New and Additional Studies
This appendix describes further short studies beyond those presented in the original CRUX manuscript that highlights other functions of CRUX
- Original CRUX manuscript:
CRUX, a platform for visualising, exploring and analysing cancer genome cohort data, by El-Kamand et al.
Identifying key copy number variants (CNVs) in a tumour cohort dataset
Rationale: Somatic CNVs are a hallmark of many tumours, driving large-scale numerical differences in DNA, resulting in alterations to gene dosage and expression. GISTIC2 is a well-established tool for assessing the CNV landscape of a cancer cohort, identifying genomic regions harbouring recurrently amplified and deleted genes. CRUX can use GISTIC2 processed data (which are publicly available for TCGA datasets) to visualise CNV and add clinical detail annotations for further interactive explorations. To keep CRUX lightweight and easy to install, CRUX does not run GISTIC2 itself, and instead offers pre-compiled GISTIC2 data for TCGA cohorts. For researchers wishing to generate GISTIC2 results on their cohort, we recommend using GenePattern (available online at www.genepattern.org).
Dataset: Inbuilt TCGA GISTIC2 results for both GBM (n = 273 with matched WGS) and breast carcinoma (n=960 with matched WGS) were used.
Analysis and Observations: Here, the TCGA GISTIC2 data was imported into CRUX, then the GISTIC-Plot module was used to create tabulated summaries and data visualisations highlighting potentially important CNVs (Supplementary Fig. S1A). The chromplot visualisation (Supplementary Fig. S1B) revealed the highest G-Score peak, a measure of CNV amplitude and recurrence, which corresponded to EGFR amplification in GBM; the second strongest CNV signal was a deletion in the CDKN2A-containing 9p21 region. Four other smaller peaks were noted with G-scores between +0.5 and +2. An analysis of the TCGA breast carcinoma cohort CNV data showed strong signals of HER2 / ERBB2 amplification, well described in breast carcinoma (Supplementary Fig. S1C).
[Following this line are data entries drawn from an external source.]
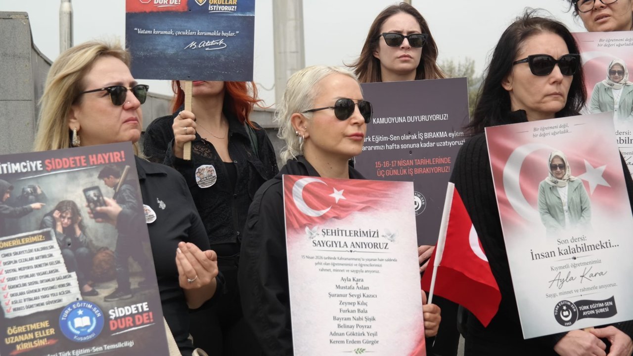 Türk Eğitim-SEN Kuşadası temsilciliği, Kahramanmaraş ve Şanlıurfa’nın Siverek ilçesinde meydana gelen olaylara tepki göstermek amacı ile Kuşadası'nda basın açıklaması düzenledi. Atatürk Anıtı Meydanı'nda bir araya gelen sendika üyelerine vatandaşlar da sloganlar ile destek verirken, açıklamada, ''Kahramanmaraş ve Şanlıurfa Siverek'te öğretmenlerimize öğrencilerimize ve genelde tüm toplumunuza karşı yapılan şiddet olaylarını en ağır şekilde kınıyoruz.'' mesajı verildi. Okunan dualar eşliğinde başlayan basın açıklaması sonrası, öğretmenler, vefat eden öğretmen ve öğrencilerin anısına Atatürk Anıtı'na karanfil bıraktı.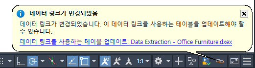 팁: 도면에 있는 하나 이상의 테이블에 추출된 데이터가 포함되는 경우 AutoCAD 응용프로그램 윈도우의 시스템 트레이에 데이터 링크 아이콘이 표시됩니다. 이 아이콘이 표시되면 아이콘을 마우스 오른쪽 버튼으로 클릭하여 도면의 데이터 링크를 관리 및 업데이트할 수 있습니다. DATALINKNOTIFY 시스템 변수는 데이터 링크 아이콘의 모양 및 기능을 조정합니다.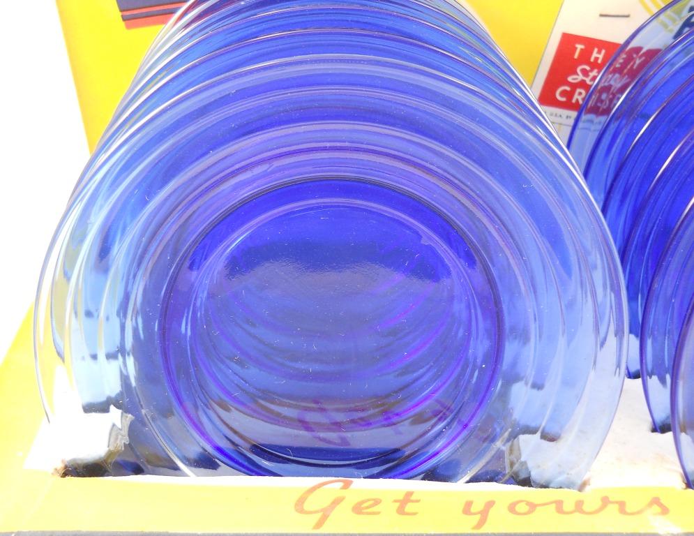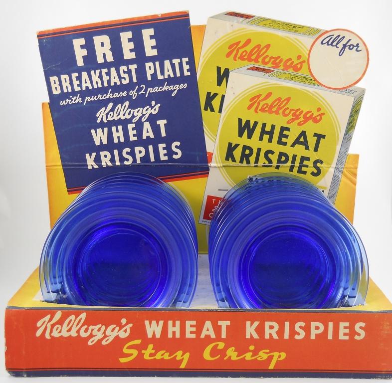 This is a store display dated 1935, showing the blue plates that came in your box of Kellogg's Wheat Krispies. The display is holding 12 plates, each being 7 inches in diameter. The display itself is 16-1/2 inches wide x 8-1/2 inches deep x 16 inches tall.

Outcomes: CRUX visualised several CNV events that are known drivers of cancer development, including CNVs affecting EGFR in GBM and ERBB2 (HER2) in breast cancers.
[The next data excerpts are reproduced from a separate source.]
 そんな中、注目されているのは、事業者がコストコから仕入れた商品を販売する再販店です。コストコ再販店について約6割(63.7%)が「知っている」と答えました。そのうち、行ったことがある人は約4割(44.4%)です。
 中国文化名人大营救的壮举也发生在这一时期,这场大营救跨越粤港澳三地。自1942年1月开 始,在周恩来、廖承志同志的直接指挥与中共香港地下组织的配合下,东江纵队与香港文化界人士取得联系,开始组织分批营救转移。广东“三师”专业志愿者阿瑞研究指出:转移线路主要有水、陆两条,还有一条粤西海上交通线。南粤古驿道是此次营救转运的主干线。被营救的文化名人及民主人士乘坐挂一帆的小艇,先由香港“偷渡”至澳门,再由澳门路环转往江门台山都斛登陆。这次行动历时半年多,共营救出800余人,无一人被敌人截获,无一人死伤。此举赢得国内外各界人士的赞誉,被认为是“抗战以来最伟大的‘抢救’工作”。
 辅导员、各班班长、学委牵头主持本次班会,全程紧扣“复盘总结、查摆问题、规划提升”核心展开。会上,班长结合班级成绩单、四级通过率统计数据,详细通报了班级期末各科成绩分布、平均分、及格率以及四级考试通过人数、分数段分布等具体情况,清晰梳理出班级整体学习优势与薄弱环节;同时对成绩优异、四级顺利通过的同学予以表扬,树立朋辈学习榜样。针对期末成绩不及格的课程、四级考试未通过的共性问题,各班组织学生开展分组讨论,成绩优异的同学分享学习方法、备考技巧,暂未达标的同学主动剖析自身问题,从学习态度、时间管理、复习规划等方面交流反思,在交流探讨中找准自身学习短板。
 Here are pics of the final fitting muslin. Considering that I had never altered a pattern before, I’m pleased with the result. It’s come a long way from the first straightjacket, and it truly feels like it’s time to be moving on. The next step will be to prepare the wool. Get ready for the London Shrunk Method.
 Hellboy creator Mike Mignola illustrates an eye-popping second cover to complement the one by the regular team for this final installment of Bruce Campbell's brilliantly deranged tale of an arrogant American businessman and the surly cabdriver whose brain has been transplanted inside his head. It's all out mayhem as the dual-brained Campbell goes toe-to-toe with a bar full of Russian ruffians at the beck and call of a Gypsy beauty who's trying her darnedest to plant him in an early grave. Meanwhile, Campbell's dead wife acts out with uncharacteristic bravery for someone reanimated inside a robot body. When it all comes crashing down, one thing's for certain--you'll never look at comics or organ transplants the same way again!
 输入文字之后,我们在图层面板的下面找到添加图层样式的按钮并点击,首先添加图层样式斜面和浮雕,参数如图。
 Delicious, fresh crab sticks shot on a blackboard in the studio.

Figure S1. Cohort-level visualisation of copy number alterations from GISTIC2 results using CRUX. (A) Integration of CNV data from TCGA glioblastoma (GBM) and TCGA breast carcinoma (BRCA). Inbuilt GISTIC2 datasets for the TCGA GBM and BRCA cohorts were selected, leading to automatic generation of ‘chromplot’ visualisations. These are plots of the G-Scores (a metric integrating CNV recurrence and amplitude) which indicate the likely importance of CNVs in a cohort. (B) Selecting the GBM cohort in CRUX produced visualisations showing peaks corresponding to the characteristic EGFR amplification. (C) Visualisation of invasive breast carcinoma CNV data reveals peaks that notably correspond to HER2 / ERBB2 as well as 11q13.3 amplification, which contains driver genes such as CCND1 and EMS1.